Objective Perceptual Analysis - Video Karma Predictor

This is a kit for testing codecs objectively through FFmpeg.

It employs VMAF, SSIM, PSNR and also a Perceptual Hash metric.

Multiple encoding tests can be ran comparing the encoders and

the encodings, encoding techniques. The metrics and test harness

allow quick feedback to test theories and new code in FFmpeg.

There's objective metrics, graphs and easy comparisons historically.

Use OpenCV img_hash frame comparisons in FFmpeg libavfilter for per title encoding / Perceptual Quality comparisons

Documentation on OpenCV img_hash: https://docs.opencv.org/trunk/d4/d93/group__img__hash.html

This will use perceptual hashes from OpenCV's img_hash module which includes PHash

and it the main algorithm used. Each video frame is compared to the last video frame

then a hamming distance is derived from the two hashes. This values shows the perceptual

similarity of the two images. The hamming distance is used to vary the encoders bitrate

or CRF level. Currently only X264 is supported in this implementation. 

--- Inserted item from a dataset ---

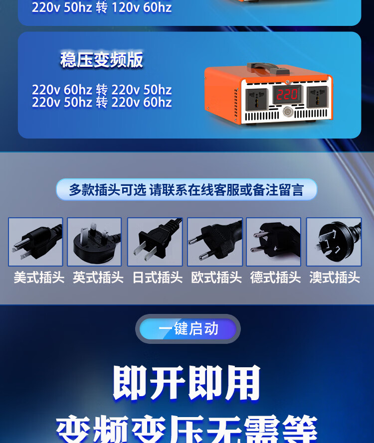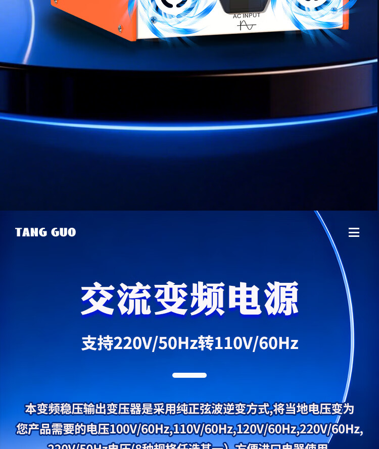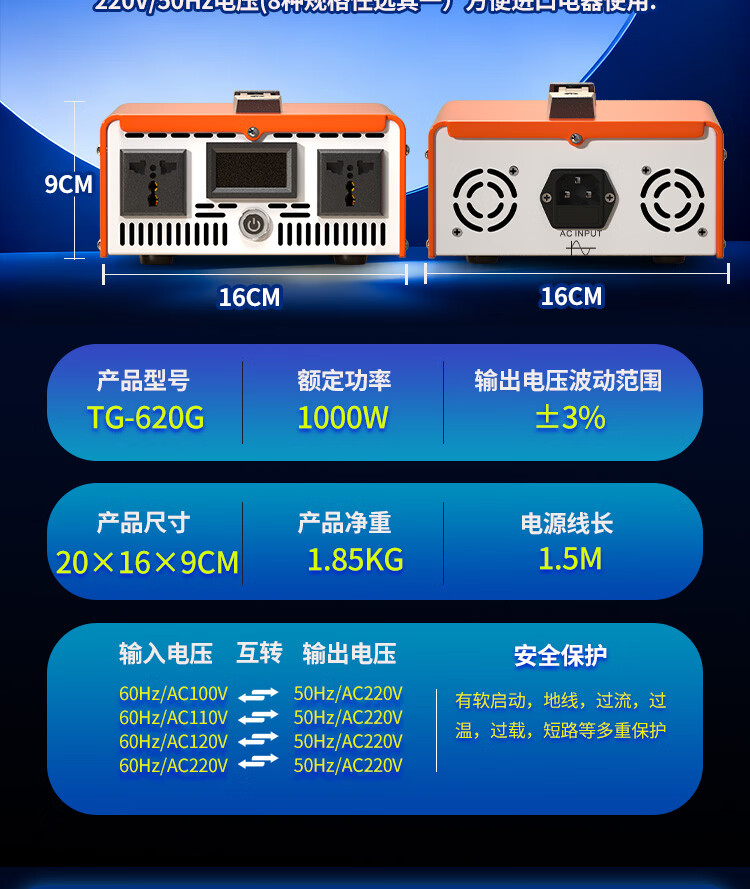 唐国稳压变频变压器220v转110v日本100v 1000w美国加拿大电器电压转换 变频变压 1000W 220V 50hz转220V 60hz配国标线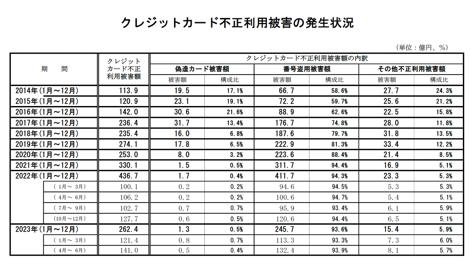 出典:一般社団法人日本クレジット協会「クレジットカード不正利用被害額調査」(2023年9月)

Also research via bin/encode.py and bin/results.py script:

- Parallel Encoding / can set per test for comparisons

- Quality both Objective and setup for Subjective tests

- Easy encoding tests for H.265, VP9 and AV1

- Perceptual Hash research with encoding decisions and metrics

- Simple Objective metrics calculated

- Frame images and metrics burn in per frame via SRT

- Scene segmentation and analysis with objective metrics

Everything can be easily setup via setup.sh, it will install what is necessary

for the most part. Please report back any issues so this can be improved for edge cases.

See the bin/readme.md file for information on bin/encode.py and bin/results.py.

See the scripts/readme.md file for information on setting up tests.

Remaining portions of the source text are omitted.